An audio effect which interpolates between any two audio streams in a way that sounds like a portamento, automatically and in real-time.
The audio transport effect relies on solving a 1-dimensional optimal transport problem. The solution to this problem determines how the pitches in one signal will move to pitches in the other.
Works by performing displacement interpolation on input audio spectra, so that pitches in one signal slide to pitches in the other as an interpolation parameter is changed.
- A sliding short-time Fourier transform (STFT) is applied to both input audio streams, producing complex spectra.
- These spectra are interpolated according to the optimal transport map and fed through an inverse STFT to form the output audio stream.

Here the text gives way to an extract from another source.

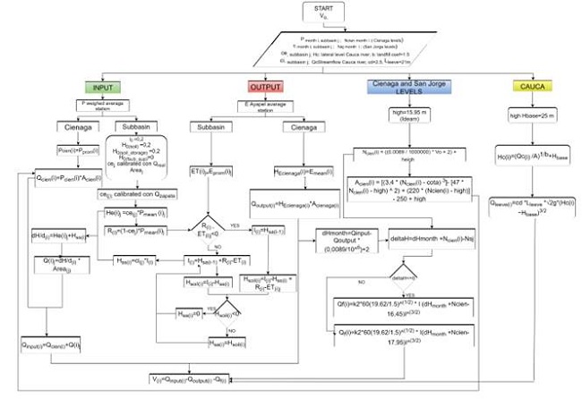 We estimate the monthly water balance in Ayapel from the inflows and outflows derived from precipitation, evapotranspiration, infiltration, runoff and stream and subsurface flows through a two-tank model applied over each of the five watersheds in the Cienaga. Water enters as precipitation in the first tank and leave subsequently in three fractions: evapotranspiration, direct runoff (established by means of a rainfall-runoff coefficient), and as seepage through the second tank that controls the amount of water that comes out as subsurface flow each month. The inflow to the Cienaga is the combination of runoff and subsurface flow. Figure 5 shows a flow diagram of inputs and outputs for the calculation of the monthly water balance of the Ayapel Cienaga. The balance has four main flow components: inputs, outputs, Ayapel and San Jorge levels and the Cauca River flows. The San Jorge River controls the outflow from the Cienaga to the north, whereas the Cauca River floods the Cienaga due to levee breaks.

Optimal Transport Between Spectra

Consider discrete spectra represented by complex vectors \(X,Y\) and corresponding frequency vectors \(\omega^X,\omega^Y\)
Analogously to the continuous optimal transport plan given in Equation (1), we can write the optimal transport plan between these discrete spectra as the plan
\[\begin{aligned}\pi^*&=\arg\left(\min_{\pi \succeq 0}\left\{\sum_{i,j}\bigg|\omega^X-\omega^Y\bigg|^2\pi_{ij}\right\}\right),\\&\text{s.t.}\begin{cases}\sum\limits_j\pi_{ij}=|X_i|,\\\sum\limits_i\pi_{ij}=|Y_j|.\end{cases}\end{aligned}\]
This problem assumes that \(\sum\limits_i|X_i|=\sum\limits_j|X_j|\).
- To treat spectra with different total magnitudes, the plan can be computed on normalized spectra; then, scaling is interpolated linearly over the interpolation.
Once an optimal plan is computed, the spectra can be interpolated with parameter \(k\in [0,1]\) by placing each mass \(\pi^*_{ij}\) at the displaced frequency:
- \[(1-k)\omega^X_i+k\omega^X_j.\]

Algorithm to determine \(\pi^*\) Part I

The algorithm begins with the initial bins of the two spectra.
- Since no mass can cross over any other, all of the mass in the smaller bin must be assigned to the larger.
- With this assignment done, one can imagine virtually removing the smaller bin and shrinking the mass of the larger by the mass assignment.
The algorithm then continues inductively on the smaller problem.
At every iteration all of the mass in one bin becomes completely assigned.
Therefore, the complexity of the algorithm is \(O(|X|+|Y|)\).
This runtime is efficient relative to the super-linear runtime of the fast Fourier transform.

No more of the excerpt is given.